- Recorded data:
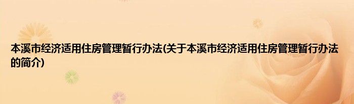 大家好,本溪市经济适用住房管理暂行办法,关于本溪市经济适用住房管理暂行办法的简介很多人还不知道,现在让我们一起来看看吧!
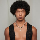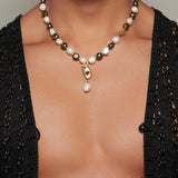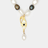 Inspirée des puissantes déesses de l'Égypte ancienne, l'Ayla veille toujours sur vous. Elle est composée de véritables perles baroques, noires irisées et blanches nacrées. L'œil d'Horus est soigneusement peint en résine et orné d'une larme de joie faite d'une perle d'eau douce de forme naturelle. Nous proposons également cette pièce en or massif 14k.
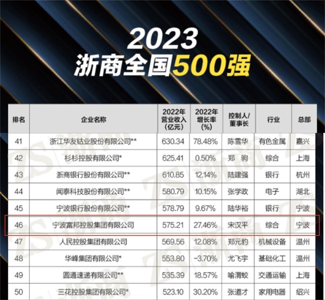 - 10月9日,《浙商》杂志发布“2023浙商全国500强”全榜单,豪利777控股集团位列2023浙商全国500强第46位。 (集团办公室)

- Prompt:
In the copy, omit the pictures and give every line of the data exactly.

- Output for this exercise:
 大家好,本溪市经济适用住房管理暂行办法,关于本溪市经济适用住房管理暂行办法的简介很多人还不知道,现在让我们一起来看看吧!
 Inspirée des puissantes déesses de l'Égypte ancienne, l'Ayla veille toujours sur vous. Elle est composée de véritables perles baroques, noires irisées et blanches nacrées. L'œil d'Horus est soigneusement peint en résine et orné d'une larme de joie faite d'une perle d'eau douce de forme naturelle. Nous proposons également cette pièce en or massif 14k.
 - 10月9日,《浙商》杂志发布“2023浙商全国500强”全榜单,豪利777控股集团位列2023浙商全国500强第46位。 (集团办公室)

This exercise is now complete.